Nucleotide Structure Which positions in the purine ring of a purine nucleotide in DNA have the potential to form hydro-gen bonds but are not involved in Watson-Crick base pairing?

N-3 and N-7 position are available

Explanation:

DNA is a biopolymer of

deoxyribonucleic acid (a type of nucleic acid) that has four different chemical groups in the category of purine and pyrimidine, called bases: adenine, guanine, cytosine, and thymine.

Purine refers to any of a class of organic heterocyclic compounds, composed of fused pyrimidine and imidazole rings, that constitute one of the two groups of organic nitrogenous bases (the other being the pyrimidines) and are components of nucleic acids.

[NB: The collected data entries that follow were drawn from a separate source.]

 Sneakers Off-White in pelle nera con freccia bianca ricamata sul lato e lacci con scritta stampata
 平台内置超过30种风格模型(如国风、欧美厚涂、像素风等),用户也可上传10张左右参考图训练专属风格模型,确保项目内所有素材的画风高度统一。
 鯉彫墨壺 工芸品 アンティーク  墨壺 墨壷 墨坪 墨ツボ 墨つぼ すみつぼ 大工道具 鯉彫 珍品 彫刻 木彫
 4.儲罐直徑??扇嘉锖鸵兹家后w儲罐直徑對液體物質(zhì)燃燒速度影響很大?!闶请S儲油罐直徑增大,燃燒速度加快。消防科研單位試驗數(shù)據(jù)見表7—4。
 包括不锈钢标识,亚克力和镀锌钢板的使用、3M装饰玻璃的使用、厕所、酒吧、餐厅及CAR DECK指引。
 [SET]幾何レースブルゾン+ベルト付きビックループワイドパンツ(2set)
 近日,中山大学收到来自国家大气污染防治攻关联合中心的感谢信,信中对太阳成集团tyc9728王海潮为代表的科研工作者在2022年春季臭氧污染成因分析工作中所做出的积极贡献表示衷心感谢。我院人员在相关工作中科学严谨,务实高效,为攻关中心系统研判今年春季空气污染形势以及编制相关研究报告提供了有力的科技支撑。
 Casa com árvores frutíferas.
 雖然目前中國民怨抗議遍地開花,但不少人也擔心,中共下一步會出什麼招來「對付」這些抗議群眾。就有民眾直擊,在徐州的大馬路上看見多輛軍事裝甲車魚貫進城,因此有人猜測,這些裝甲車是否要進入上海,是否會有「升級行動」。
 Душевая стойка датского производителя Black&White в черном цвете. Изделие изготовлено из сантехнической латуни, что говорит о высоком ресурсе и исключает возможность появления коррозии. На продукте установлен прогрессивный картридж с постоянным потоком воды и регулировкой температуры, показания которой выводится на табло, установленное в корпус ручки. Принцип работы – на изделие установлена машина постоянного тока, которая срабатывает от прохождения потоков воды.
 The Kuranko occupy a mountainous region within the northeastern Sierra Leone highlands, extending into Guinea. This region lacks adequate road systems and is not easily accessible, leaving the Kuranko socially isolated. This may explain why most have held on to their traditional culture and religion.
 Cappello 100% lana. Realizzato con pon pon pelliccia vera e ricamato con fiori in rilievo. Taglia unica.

A pyrimidine is a diazine in which the two nitrogen atoms are in the meta - positions; it is the basis of three of the bases found in DNA and RNA, thymine, uracil and cytosine.

Linking to the above nitrogens of the purine ring at position (N-1, N-3, N-7, and N-9) have the potential to form hydrogen bonds.

According to Watson-Crick model they showed that N-1 is involved in the hydrogen bonding with a pyrimidine base, while N-9 is takes on with the N-glycosyl linkage with sugar (deoxyribose) and has relatively a very limited tendency for hydrogen bonding.

N-3 and N-7 positions are available for to form other sorts of bonds (hydrogen bonding) and are not busy with the Watson-Crick pairing.

Purine is referred to as a heterocyclic aromatic organic compound that consists of a pyrimidine ring fused to an imidazole ring. Purines nitrogenous base makes up the nucleotide base in DNA. All the five purine ring nitrogens (N-1, N-3, N-7, and N-9) have the potential to form hydrogen bonds yet only N-1 is involved in Watson-Crick hydrogen bonding with a pyrimidine. The N-9 is actively involved in the the N-glycosyl linkage with deoxyribose and has very little hydrogen bonding capacity. The N-3 and N-7 are readily available to form further hydrogen bonds.